_The problem_:
Beneath this instruction is a block of data; output from it exactly the lines that run from the one containing "这里演示了 routingK" through the one containing "حيث تم عرض شامل", inclusive.

_Data section_:

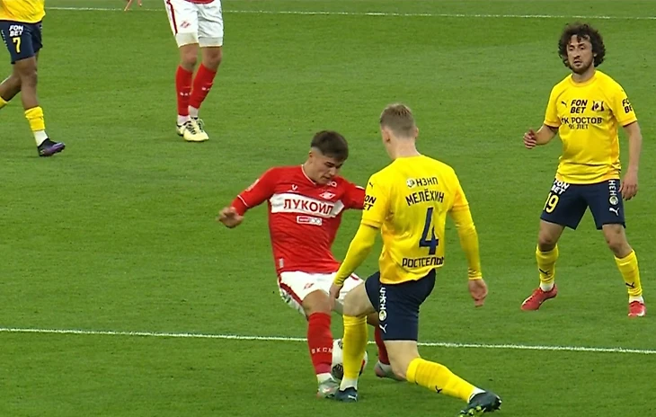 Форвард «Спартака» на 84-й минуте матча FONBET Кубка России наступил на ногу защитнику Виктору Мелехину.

==

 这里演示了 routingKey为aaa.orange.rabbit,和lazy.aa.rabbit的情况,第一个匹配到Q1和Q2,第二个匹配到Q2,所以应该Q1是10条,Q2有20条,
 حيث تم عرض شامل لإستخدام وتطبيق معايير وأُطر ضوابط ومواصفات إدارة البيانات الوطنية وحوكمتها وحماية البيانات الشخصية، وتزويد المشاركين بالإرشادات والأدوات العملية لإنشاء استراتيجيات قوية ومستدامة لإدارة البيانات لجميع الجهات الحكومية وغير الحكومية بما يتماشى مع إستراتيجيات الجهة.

_Worked solution_:
 这里演示了 routingKey为aaa.orange.rabbit,和lazy.aa.rabbit的情况,第一个匹配到Q1和Q2,第二个匹配到Q2,所以应该Q1是10条,Q2有20条,
 حيث تم عرض شامل لإستخدام وتطبيق معايير وأُطر ضوابط ومواصفات إدارة البيانات الوطنية وحوكمتها وحماية البيانات الشخصية، وتزويد المشاركين بالإرشادات والأدوات العملية لإنشاء استراتيجيات قوية ومستدامة لإدارة البيانات لجميع الجهات الحكومية وغير الحكومية بما يتماشى مع إستراتيجيات الجهة.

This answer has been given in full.